- [INFORMATION SHOWN]:
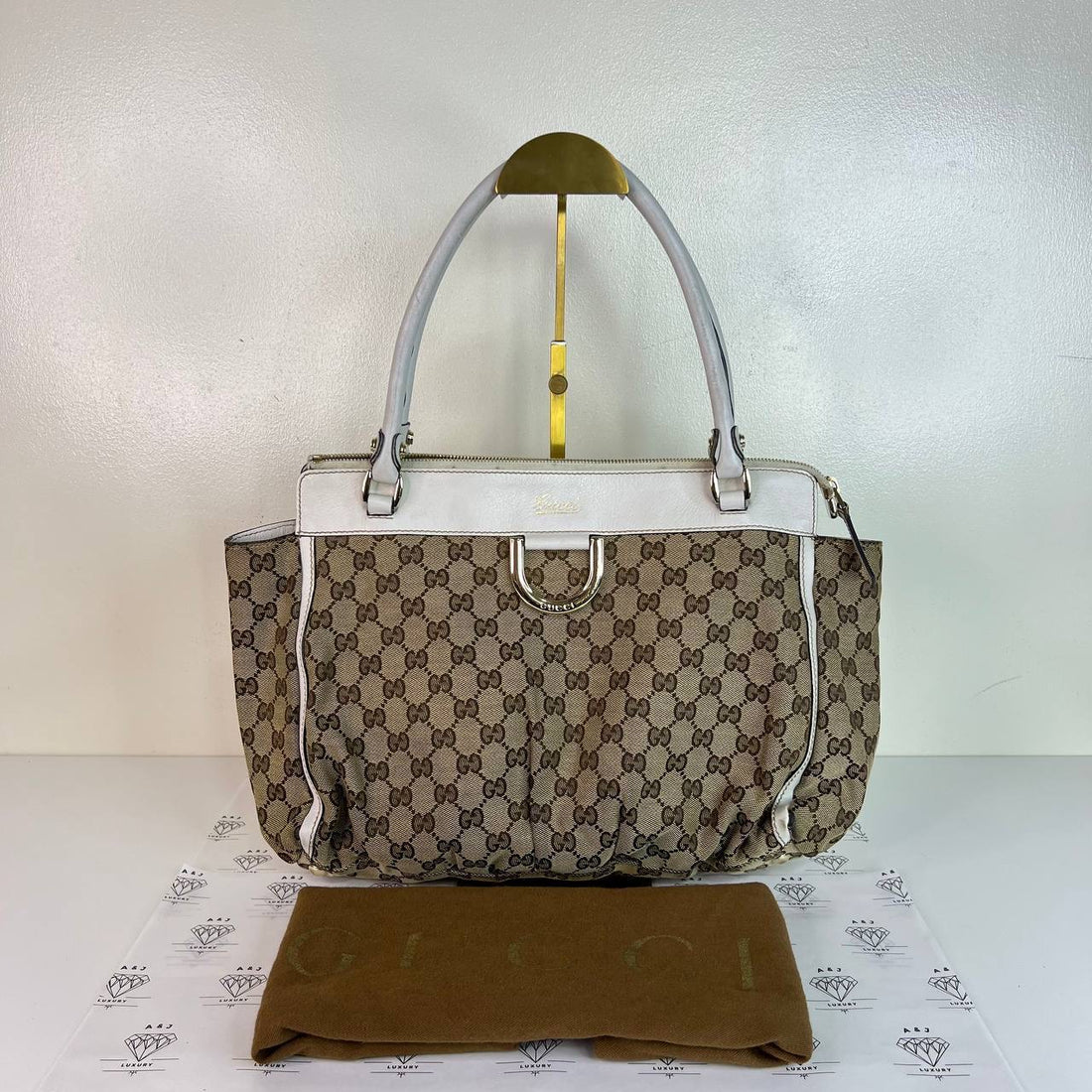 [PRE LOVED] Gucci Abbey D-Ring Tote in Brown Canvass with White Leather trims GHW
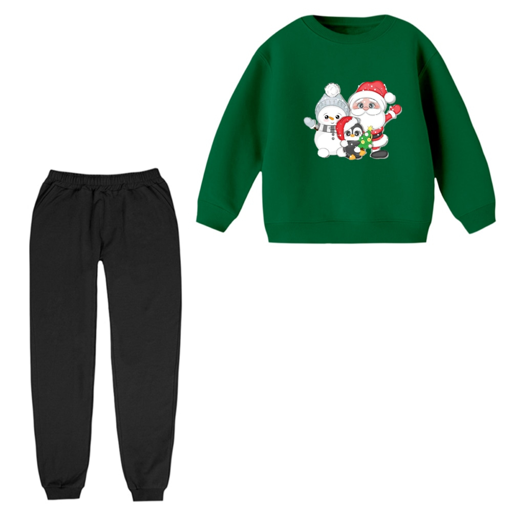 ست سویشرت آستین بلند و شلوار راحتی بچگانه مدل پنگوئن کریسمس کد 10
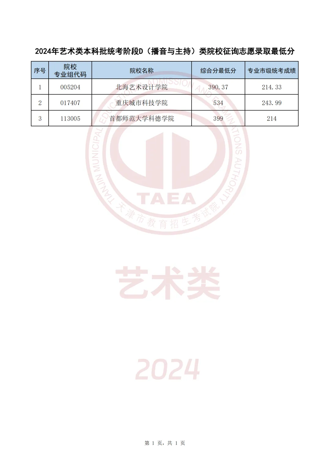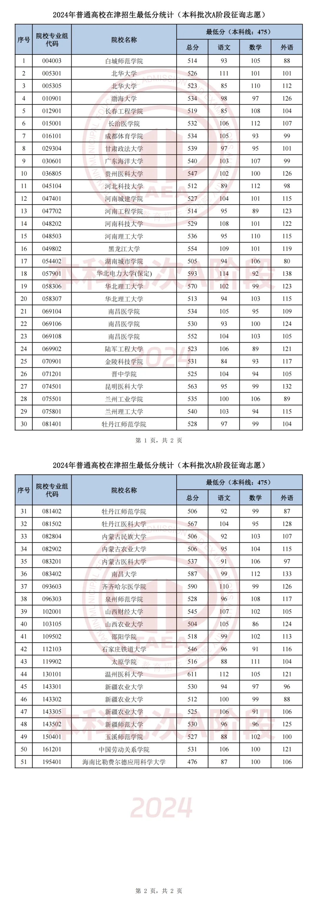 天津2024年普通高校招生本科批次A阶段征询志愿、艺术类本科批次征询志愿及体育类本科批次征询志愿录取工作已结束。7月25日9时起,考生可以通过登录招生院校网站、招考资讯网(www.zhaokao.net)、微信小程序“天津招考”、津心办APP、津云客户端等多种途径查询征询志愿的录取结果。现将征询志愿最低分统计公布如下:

- [WHAT THE TASK REQUIRES]: Copy exactly the lines from the line holding "ست سویشرت آستین" to the final line of the listing, and leave the pictures out.

- [RESPONSE AREA]:
 ست سویشرت آستین بلند و شلوار راحتی بچگانه مدل پنگوئن کریسمس کد 10
 天津2024年普通高校招生本科批次A阶段征询志愿、艺术类本科批次征询志愿及体育类本科批次征询志愿录取工作已结束。7月25日9时起,考生可以通过登录招生院校网站、招考资讯网(www.zhaokao.net)、微信小程序“天津招考”、津心办APP、津云客户端等多种途径查询征询志愿的录取结果。现将征询志愿最低分统计公布如下:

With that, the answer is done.